On elephants in rooms

The laundry was piling up, and the dishwasher hadn’t been emptied. But I couldn’t tear my eyes away from the screen.

Surprisingly, I wasn’t watching the NBA semi-final that featured our hairy, 7-foot lad. I’m talking about Family First’s Child Poverty and Family Structure report by Lindsay Mitchell.

I got obsessive. I read the whole document from start to finish. Then I read what the critics had to say. Then I researched the research related to the criticisms. Then I read other reports about poverty in New Zealand.

And I have come to an astonishing conclusion; they’re right. Family structure is the elephant in the room when it comes to the causes of poverty.  Also, I obviously have too much time on my hands.

But back to Family First and the endless parade of papers from the MSD or SuperU or The Treasury relating to poverty.

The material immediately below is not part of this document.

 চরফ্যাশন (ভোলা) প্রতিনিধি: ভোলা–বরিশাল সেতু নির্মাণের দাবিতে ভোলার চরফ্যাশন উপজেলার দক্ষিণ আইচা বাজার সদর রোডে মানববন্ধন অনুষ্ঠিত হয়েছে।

All of them talk about the same “risk factors”; like unemployment, being Maori or Pacifica, and renting a home. They all also mention being a sole parent. Strangely, trying to support strong, healthy relationships doesn’t come up later among the policy suggestions.

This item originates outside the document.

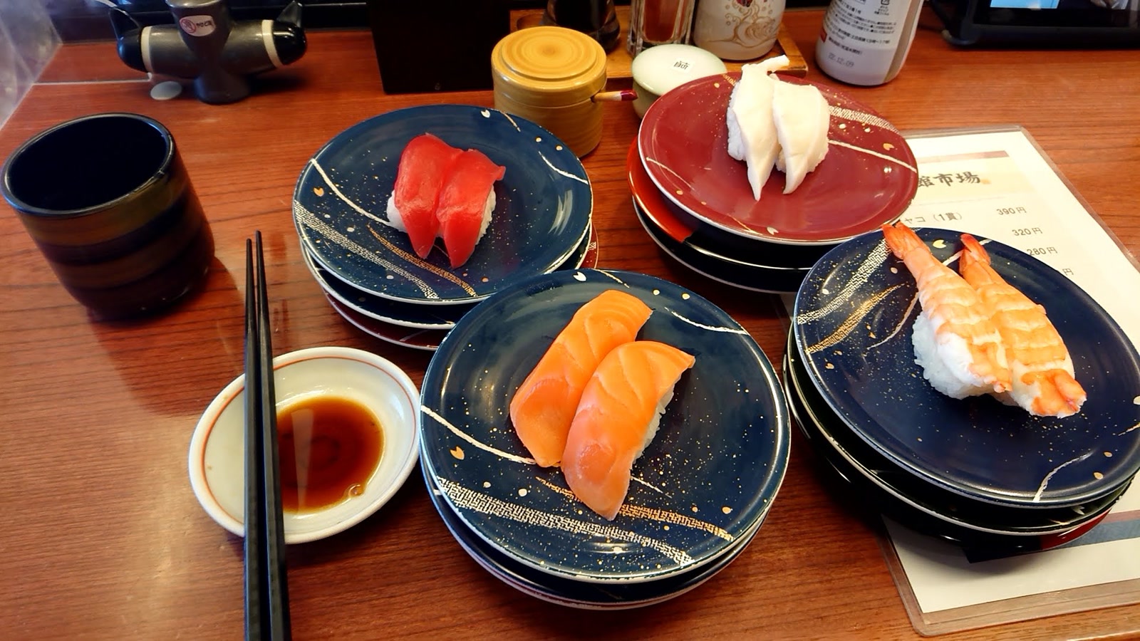 お昼を過ぎたところで回転寿司屋さんが見えたので入ってみます

And our experts seem quite determined to keep it that way. Inequality researcher Max Rashbrooke went straight past parenting and talked about the Scandinavian welfare system, which he hinted had almost obliterated child poverty.

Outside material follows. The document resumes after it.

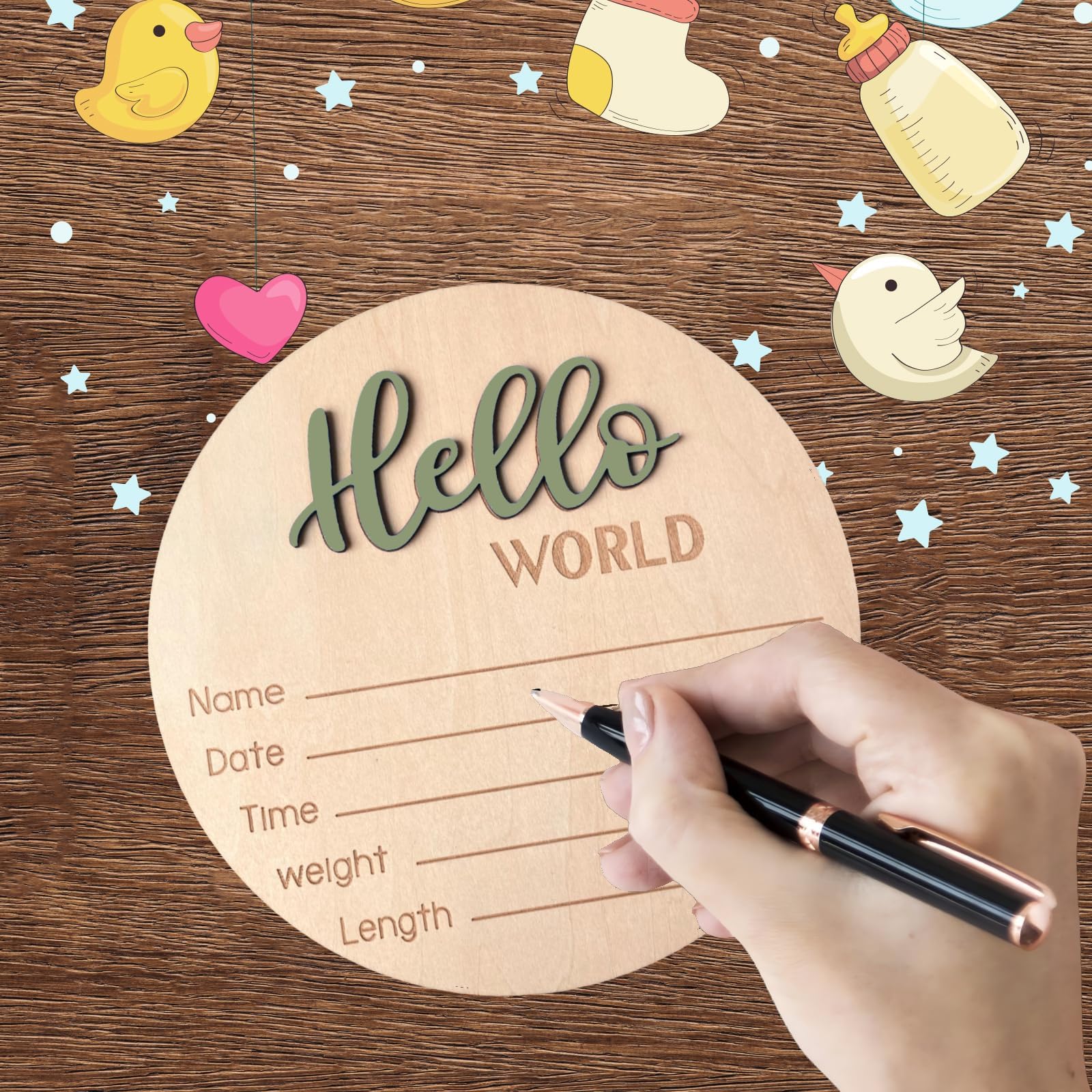 Unique and Personalized: The newborn sign featuring 3D letters "Hello" and engraved "World" along with your baby's birth statistics, making it a unique keepsake that celebrates your baby's arrival.

But the literature I found said that Scandiavian sole parents were far more likely to be in work than in most other OECD countries. That means they’re less likely to need the state. It also pointed out that parents in poverty were far more likely to be on their own than part of a couple.

So even the Scandinavians need to talk about family structure when it comes to poverty.

Academic Susan St John said some very sensible things, like how there’s a lot wrong with Government policy, employment and housing. Then she said those things were more important than family structure. But I looked at the research directly comparing loss of a relationship to loss of a job  (because I thought she was probably right) and was quite astonished. Loss of a relationship is a trigger event for far more families falling into poverty than loss of a job.

Over and over again, in government research, official statistics and papers published by other organisations this same pattern repeats.

And here’s why it all makes sense. First, break-ups when you’re the average adult are a horribly expensive process. It’s not just the paperwork, it’s not just the lawyers, it might be the counsellors, the psychologists, or simply the change in schools and new uniforms for the kids.

Next, it means an entirely new household has to be set up – another house needs to be rented, another fridge, washing machine, microwave and maybe even a car needs to be bought.

Those two people whose incomes were possibly already stretched, now face a remarkable number of costs. Which is why it’s no surprise the data shows that sole parents have higher levels of debt.

And of course, once you’ve got higher debts, and higher household costs as a proportion of income, you’ve got a very difficult financial hole to get out of.

But stay married, or in that de facto relationship, and you get to sail straight past all of those costs and pressures.

That’s why it makes sense to encourage strong, healthy, happy marriages if we want to keep kids out of poverty. (And I do mean good marriages: abusive, unhappy marriages can lead to unhappy, potentially abusive or abused, children. Those children then have less stable relationships when they grow up, and so are more likely to fall into poverty. Bad marriages don’t help anyone).

Life isn’t perfect, so we do need to have help available when a relationship break up brings poverty. But surely it we should at least be talking about how to support strong relationships, and avoid break ups, in the first place?

Because we can’t afford to be more afraid of elephants than we are fond of our children.